Sunnybrae Farm Complex is a heritage-listed site in Regency Park, South Australia. The historic Sunnybrae homestead was once the official residence of the sewage farm's manager. In addition to the manager's residence, the historic complex also includes "Dairymen's Quarters, Cheese Room and Cellars, Stables, Cow Shed and Smoke House". It was only used for dairying and cheese production in 1882 to 1884, but continued to be used for depasturing stock and vegetable and fruit production irrigated by the processed sewage.

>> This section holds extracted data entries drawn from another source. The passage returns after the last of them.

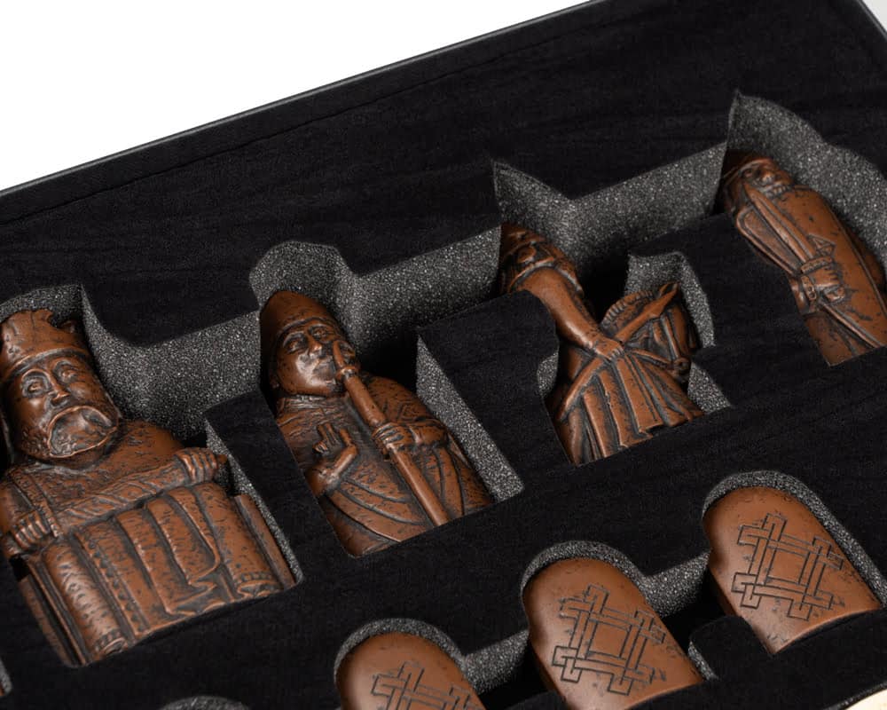 Les pièces d’échecs sont une reproduction très précise des figures originales de l’île de Lewis, trouvées sur l’île il y a plus de 200 ans. Ces superbes pièces d’échecs sont de fabrication britannique. Leur précision est étonnante car elles sont moulées à partir de scans laser 100% calquées sur les pièces originales. Cet ensemble de jeu d’échecs Ile de Lewis comprend les meilleures pièces d’échecs actuellement disponibles.
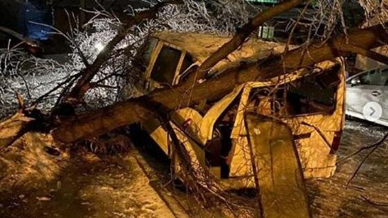 На Пушкинской, 52 деревья упали на припаркованные машины.
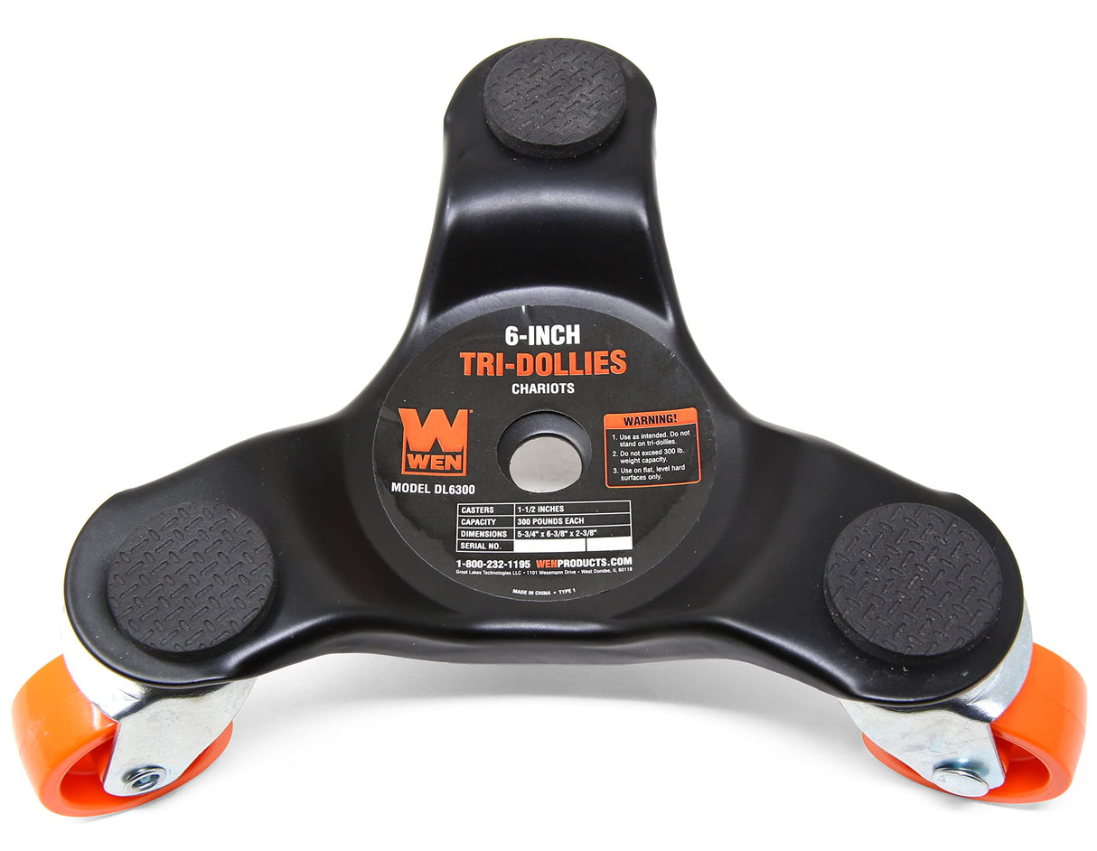 Details: Remember when you could move that couch with ease? Get a move on it with a set of WEN Tri-Dollies. This set of solid stamped steel moving dollies handles up to 1200 pounds worth of tables, boxes, sofas, tools, armoires, and more. You name it, these dollies will move it. The foam padding prevents marring during transportation while the three 1-1/2-inch ball-bearing swivel casters make for easy rolling in any direction. Each individual dolly is rated to handle up to 300 pounds of weight for a combined total capacity of 1200 pounds per set. Perfect for workshops, schools, offices, garages, and more. Remember when you could wheel your life wherever you wanted? Remember WEN.
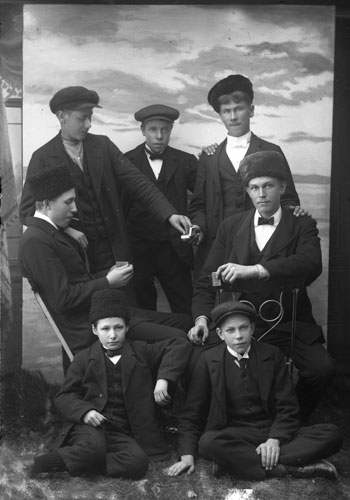 Bildtext: Julhelgssamling runt kaffebordet 1941 i Vedmora. Stånde från vänster; Lars-Erik Svedlund, Gustaf Forsberg(i svart), Evert Lindblom(i vitt,drunknade 1953 i Hedasjön), Eivor Rehnström, Johan Forsberg och Maj-Britt Malmström(fosterflicka hos Svedlunds). Sittande från vänster; Christina Svedlund, Bricken Forsberg, Ida Rehnström, Gunni Rehnström, Axel Rehnström, Kristina Frisk, Astrid Forsberg och Gull-Britt Malmström(fosterflicka hos Svedlunds).
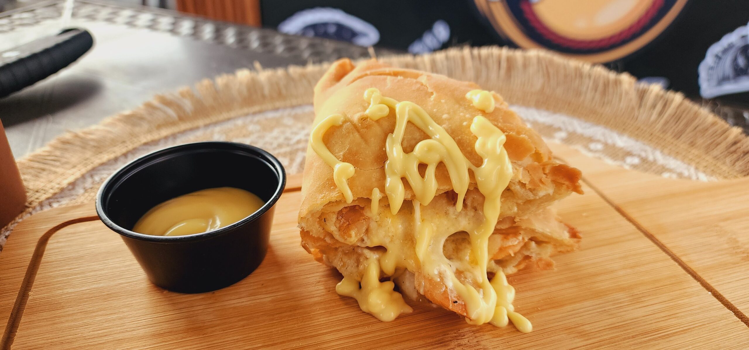 Es una empanada Artezanal con masa suabe Rellena de Camarones en salsa blanca con 2 tipos queso.
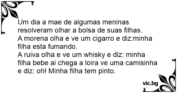 A ruiva olha e ve um whisky e diz: minha filha bebe ai chega a loira ve uma camisinha e diz: oh! Minha filha tem pinto.
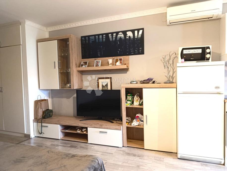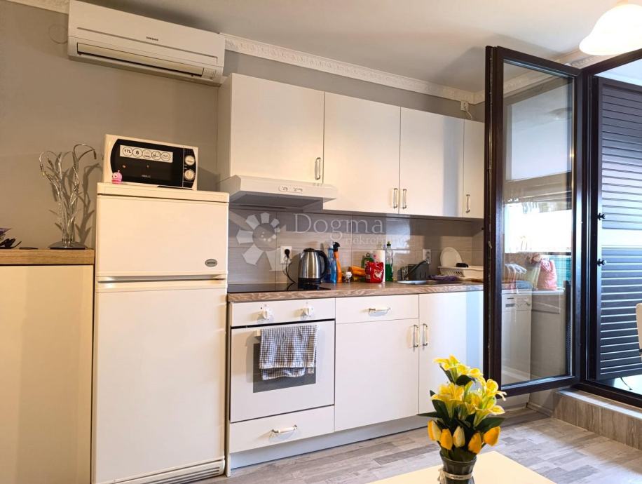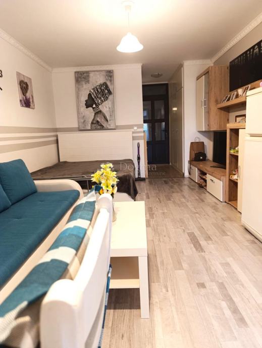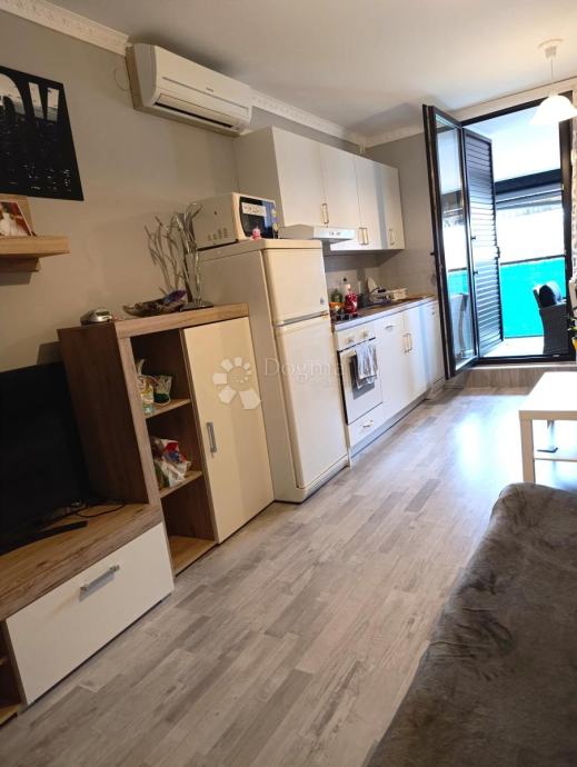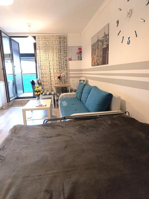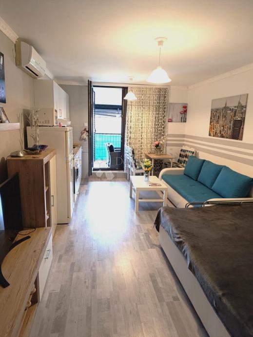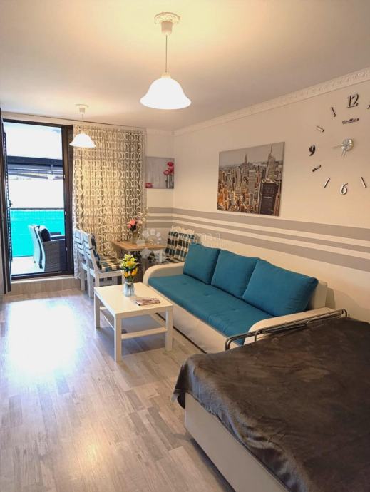 Stan koji je kompletno renoviran sastoji se od ulaznog prostora, kupaonice, prostora za spavanje, dnevnog boravaka, kuhinje s blagovaonicom i već pomenute prekrasne lođe s garniturom za sjedenje i tendom.
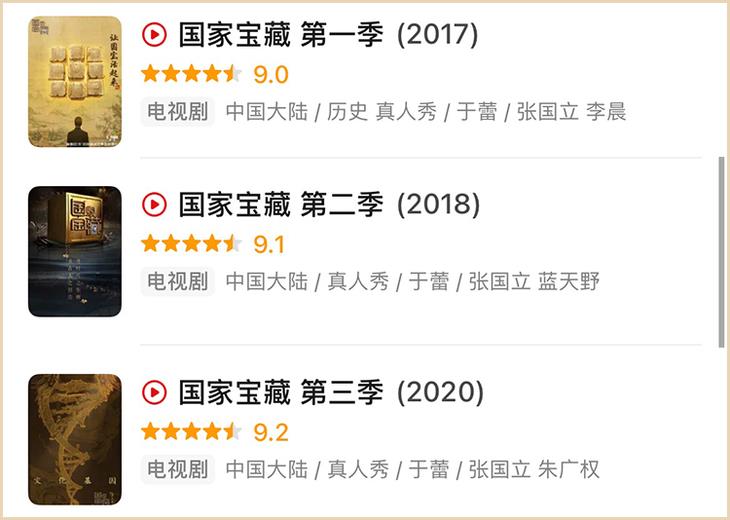 曾经爆火的央视节目《国家宝藏》季季评分长期稳居9分以上的高分~

In 1990 the City of Enfield gave the Enfield & Districts Historical Society the Sunnybrae property to house a museum celebrating local history. The museum was officially opened in June 1995. In 2001, the society built the Sunnybrae Farm Federation Pavilion with the assistance of a $28,000 Commonwealth grant. The society conducted open days and other public activities from 2002 to 2008. The historical society was dissolved in July 2012 and the property changed into private hands. It became known as Sunnybrae Estate, a commercially-owned function centre.

==Straining shed==

The straining shed of the sewage farm was preserved from the 1970s land sale. As such the Islington Sewage Farm Straining Shed () was state heritage-listed in 1984 because it represents "part of a comprehensive waste treatment process of the late 19th century." The building is also an example of how seemingly basic public infrastructure of the era was designed and built to be visually eminent and symbolic of civic pride. It is sited about 400 m southeast of Sunnybrae Farm near Pedder Crescent in view of Regency Road.